▸ **Task statement**: Skip the pictures and copy all the data that follows exactly.

▸ **Dataset extract**:
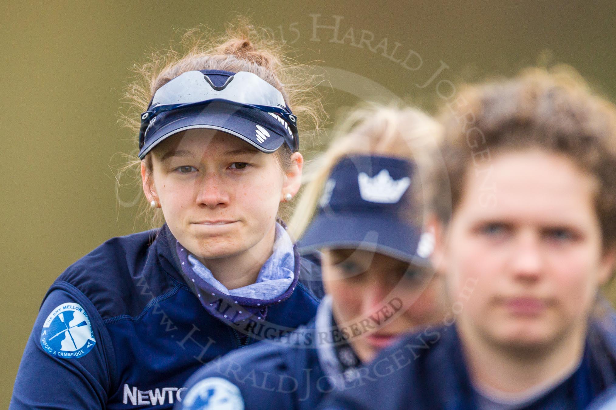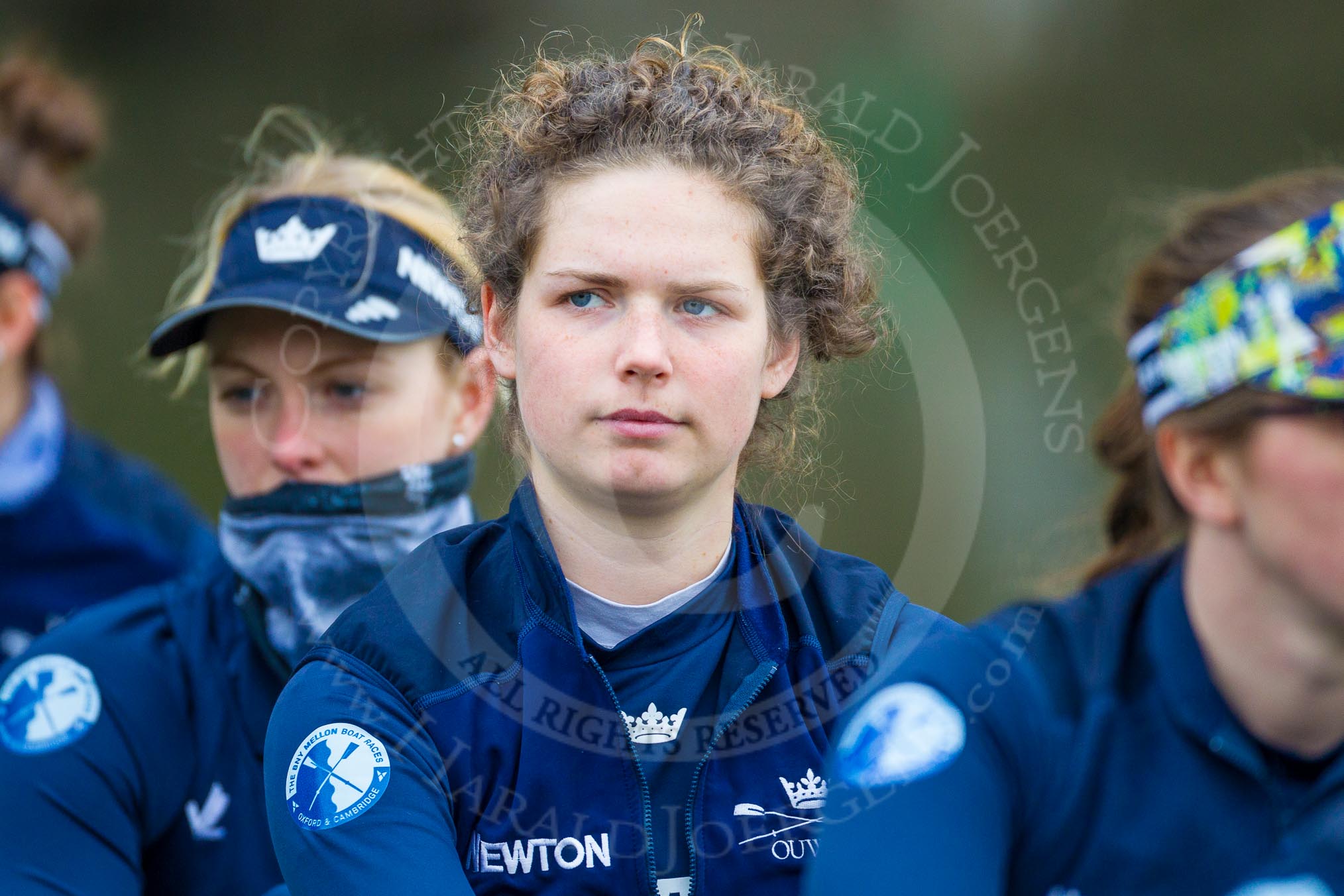 The Boat Race season 2016 - OUWBC training Wallingford: The OUWBC Blue Boat crew getting ready for their training session on the Thames at Wallingford, here 2 seat Emma Spruce.
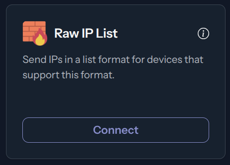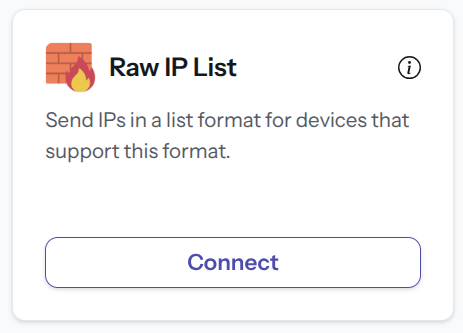 In the Integrations page, click Connect under the Raw IP List card.
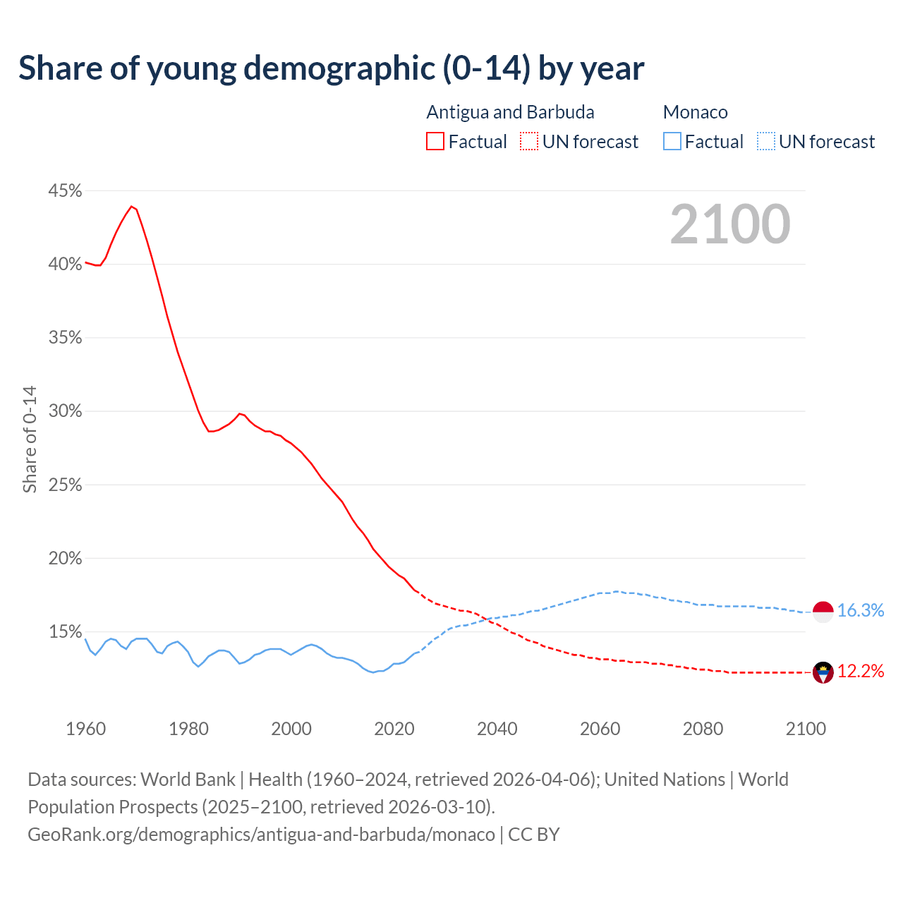 - The share of young demographic (0-15 years old) in Antigua and Barbuda is 17.8% vs 13.5% in Monaco.
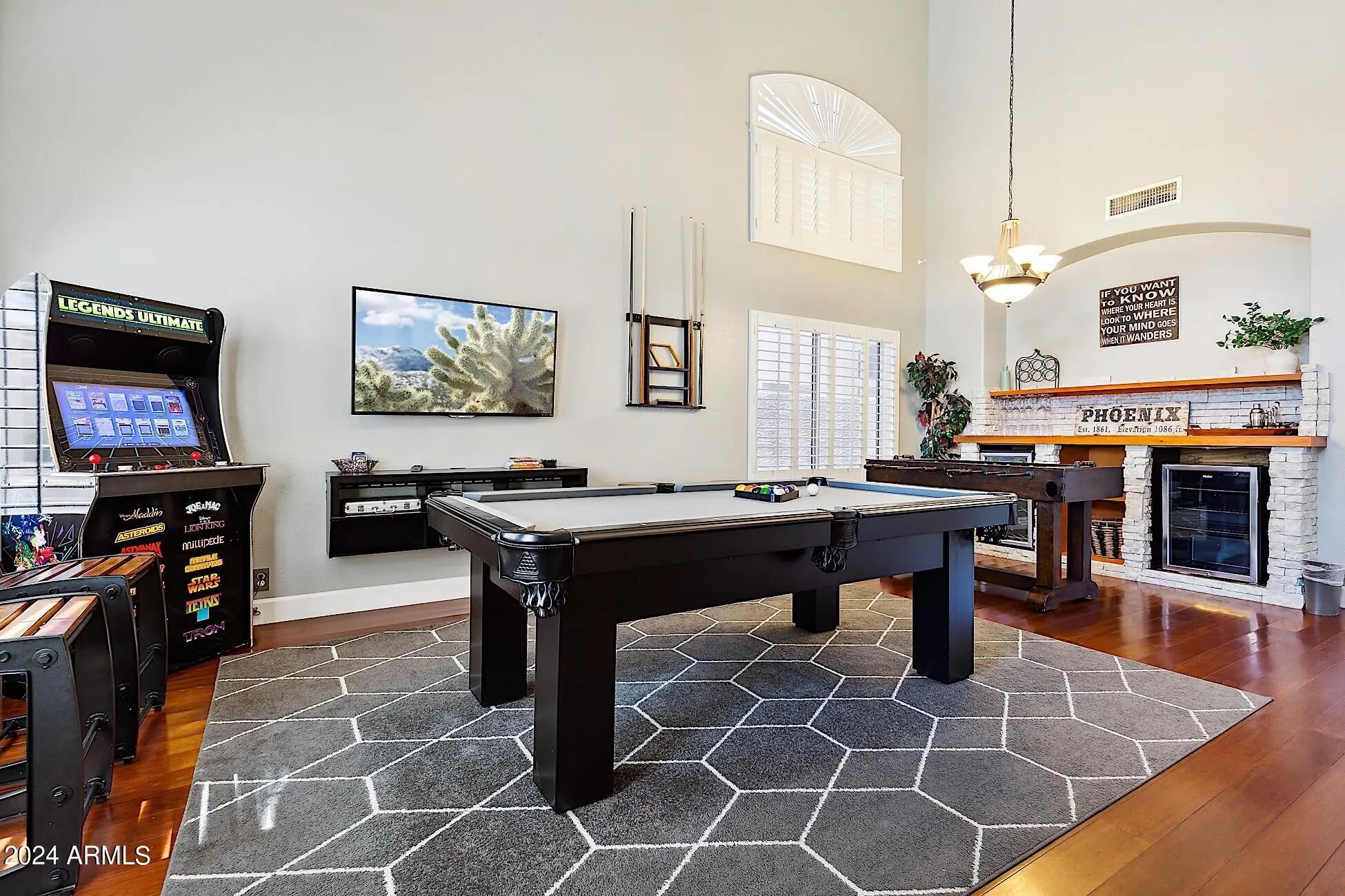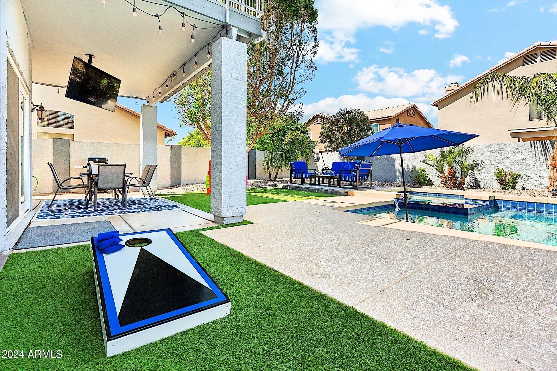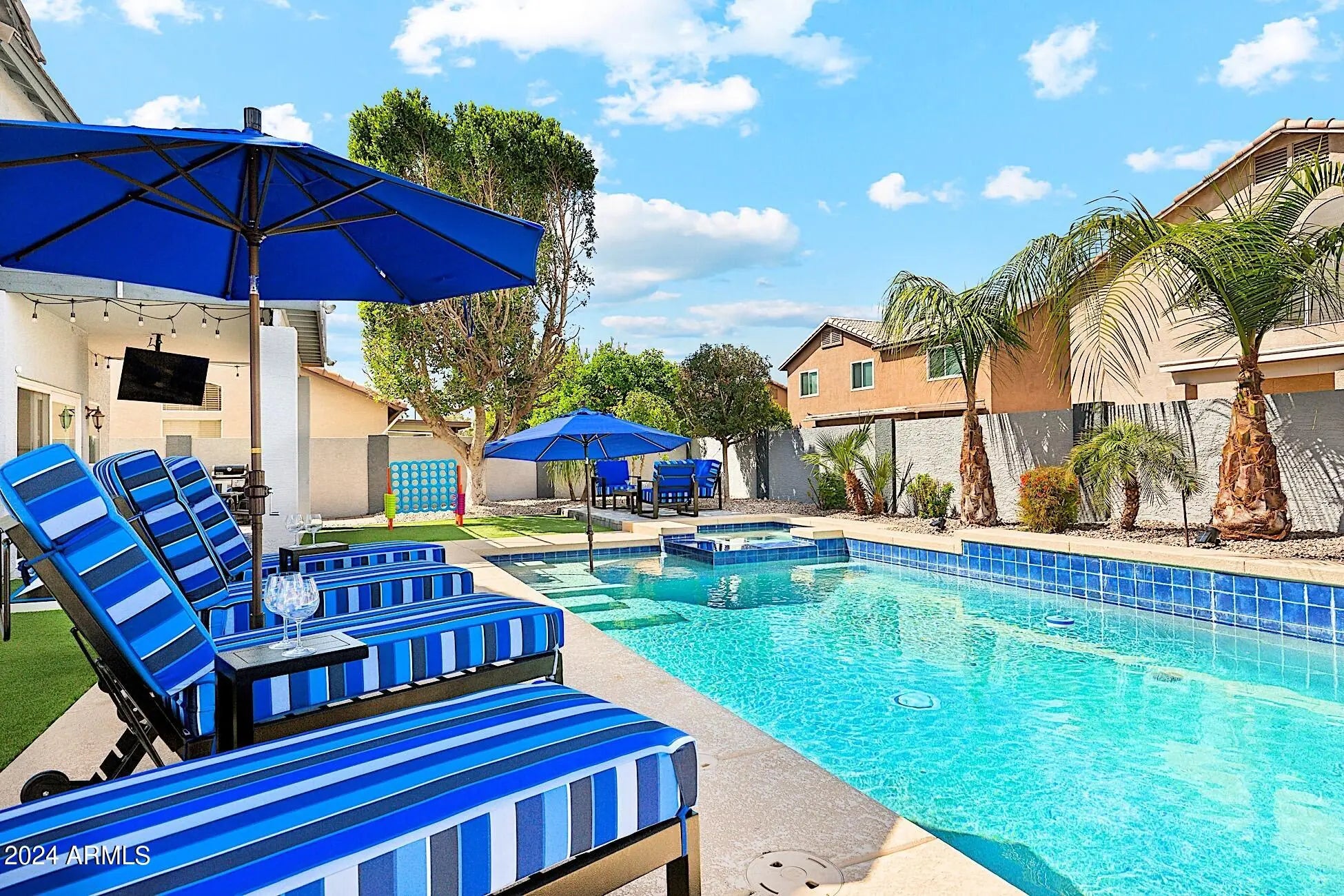 Fully Furnished, Short-Term Rental. Seasonal Rates Apply. Rent Ranges from $5000.00 a month in Summer to $10,000.00 a month in Winter/Spring. Inquire for details and pricing! 5 Bedrooms, 2.5 bathrooms. Private, heated pool and spa. Great entertainer's backyard! Plush sun loungers. A mounted 55'' Smart TV faces the pool so guests can watch a game, a movie or enjoy music videos while taking a dip in the pool or unwinding in the hot tub! Comfy conversation set next to a shaded tree. Giant Connect 4 Game for family fun! Outdoor dining table seats 6 under the covered patio. Propane BBQ grill. Upper terrace w/ sun lounger and bistro set. Game Room inside that includes a billiard table, foosball table and a bar!
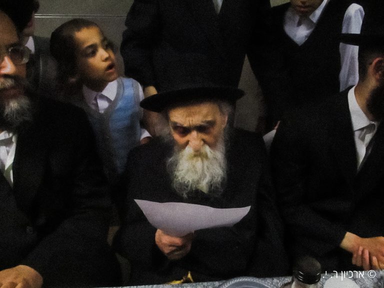 גלריה: האדמו"ר ממבקשי השם בטיש ט"ו בשבט בהיכל בית מדרשו בשיכון ו' בבני ברק. נראה הגבאי המסור ר' דוד וויס
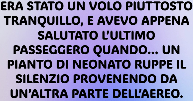 Era stato un volo piuttosto tranquillo, e avevo appena salutato l’ultimo passeggero quando… un pianto di neonato ruppe il silenzio provenendo da un’altra parte dell’aereo. All’inizio pensai che fosse solo la mia immaginazione, la stanchezza che giocava brutti scherzi. Ma poi quel pianto si fece più forte.
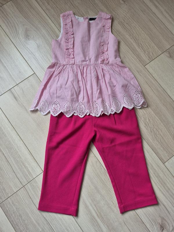 Отличный набор на девочку 3-4 года ( штанишки кюлоты малинового цвета и блузочка в полоску)! Вещи в идеальном состоянии!

▸ **Written answer**:
 The Boat Race season 2016 - OUWBC training Wallingford: The OUWBC Blue Boat crew getting ready for their training session on the Thames at Wallingford, here 2 seat Emma Spruce.
 In the Integrations page, click Connect under the Raw IP List card.
 - The share of young demographic (0-15 years old) in Antigua and Barbuda is 17.8% vs 13.5% in Monaco.
 Fully Furnished, Short-Term Rental. Seasonal Rates Apply. Rent Ranges from $5000.00 a month in Summer to $10,000.00 a month in Winter/Spring. Inquire for details and pricing! 5 Bedrooms, 2.5 bathrooms. Private, heated pool and spa. Great entertainer's backyard! Plush sun loungers. A mounted 55'' Smart TV faces the pool so guests can watch a game, a movie or enjoy music videos while taking a dip in the pool or unwinding in the hot tub! Comfy conversation set next to a shaded tree. Giant Connect 4 Game for family fun! Outdoor dining table seats 6 under the covered patio. Propane BBQ grill. Upper terrace w/ sun lounger and bistro set. Game Room inside that includes a billiard table, foosball table and a bar!
 גלריה: האדמו"ר ממבקשי השם בטיש ט"ו בשבט בהיכל בית מדרשו בשיכון ו' בבני ברק. נראה הגבאי המסור ר' דוד וויס
 Era stato un volo piuttosto tranquillo, e avevo appena salutato l’ultimo passeggero quando… un pianto di neonato ruppe il silenzio provenendo da un’altra parte dell’aereo. All’inizio pensai che fosse solo la mia immaginazione, la stanchezza che giocava brutti scherzi. Ma poi quel pianto si fece più forte.
 Отличный набор на девочку 3-4 года ( штанишки кюлоты малинового цвета и блузочка в полоску)! Вещи в идеальном состоянии!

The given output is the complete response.